REPUBLIKA.CO.ID, — Istilah radikalisme kerap dikaitkan pemerintah dengan terorisme. Padahal, sejatinya terorisme tak pernah lahir dari rahim agama mana pun, termasuk Islam.
Terorisme acap kali lahir dari pergumulan cengkeraman dunia atas suatu kepentingan tertentu yang menyesatkan. Yang tak kalah penting, terorisme terkadang bisa lahir dari ketidaktahuan dan kegamangan individu.
Kata radikal tak selamanya identik dengan terorisme. Radikalisme secara bahasa berasal dari kata raddix atau mengakar, tidak hanya mengacu pada tindakan negatif.
Ustadz Arrazi Hasyim berbagi kisah mengenai perjalanan dirinya sebagai penuntut ilmu yang pernah menganut beragam keilmuan tertentu dengan ekstrem. Sempat salah arah, rasa keingintahuan dalam menuntut ilmu yang menggebu-gebu membuatnya melakukan rihlah ilmiah terkait pandangan yang dianut.

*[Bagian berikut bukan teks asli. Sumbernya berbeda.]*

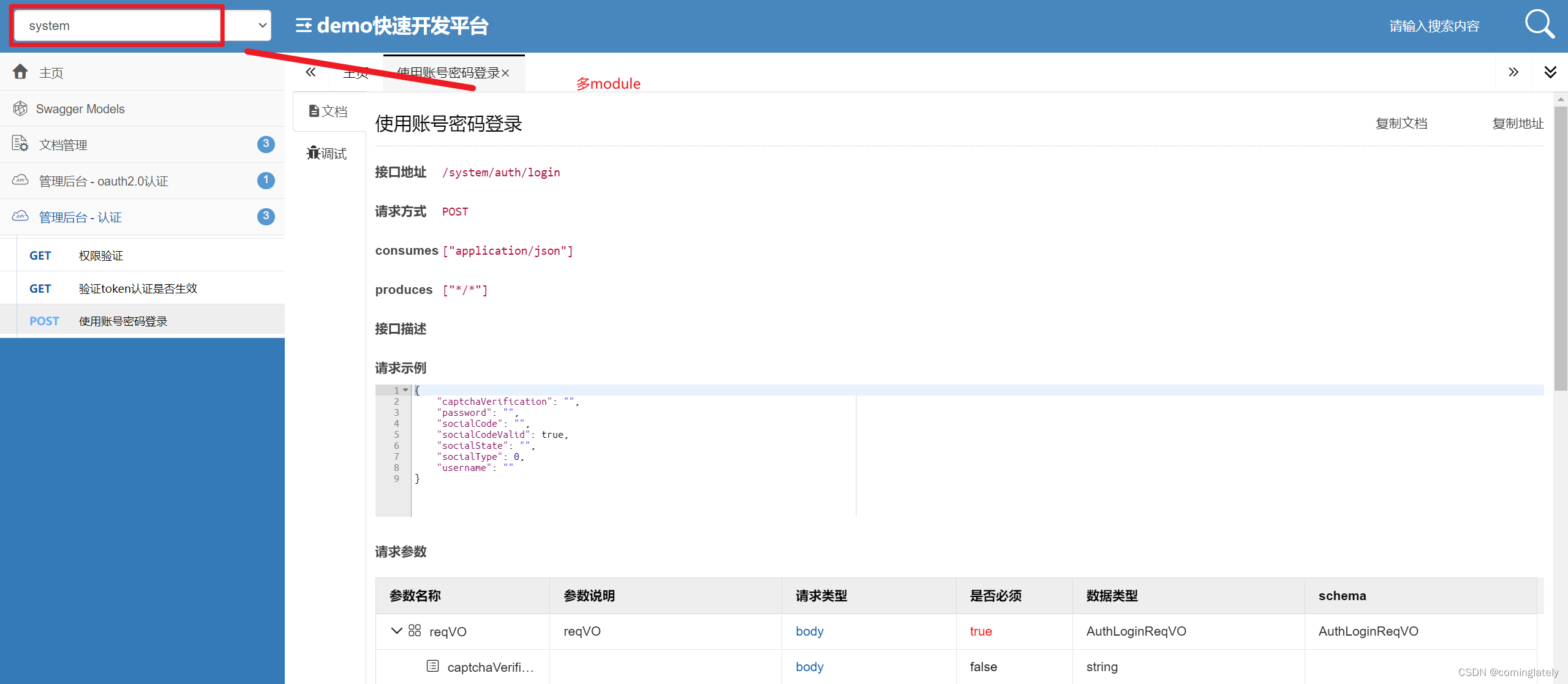项目使用swagger提供接口文档功能, 下面演示下多module的springboot 项目是怎么配置。通过为每个module设置独立的分组,完成分组切换功能, 下面举个例子。

Lewat proses pencarian ilmu yang radikal, Sang Ustadz berubah. Dia semakin memahami suatu keilmuan secara matang. Tak mengherankan jika ustadz yang ahli dalam bidang tarekat ini sangat menguasai berbagai sejarah keilmuan Islam dengan baik.
Tak kalah penting, kata dia, perubahan radikal dalam mencari ilmu juga harus diselaraskan dengan dasar yang mengacu pada Alquran dan hadits. Dia menggarisbawahi bahwa perubahan radikal ke arah positif itu bisa terwujud asalkan didukung dengan lingkungan pendidikan yang tepercaya."Cari guru yang memang sejalan dengan napas Islam, para sahabat, dan yang bersambung dari Nabi Muhammad SAW," kata dia.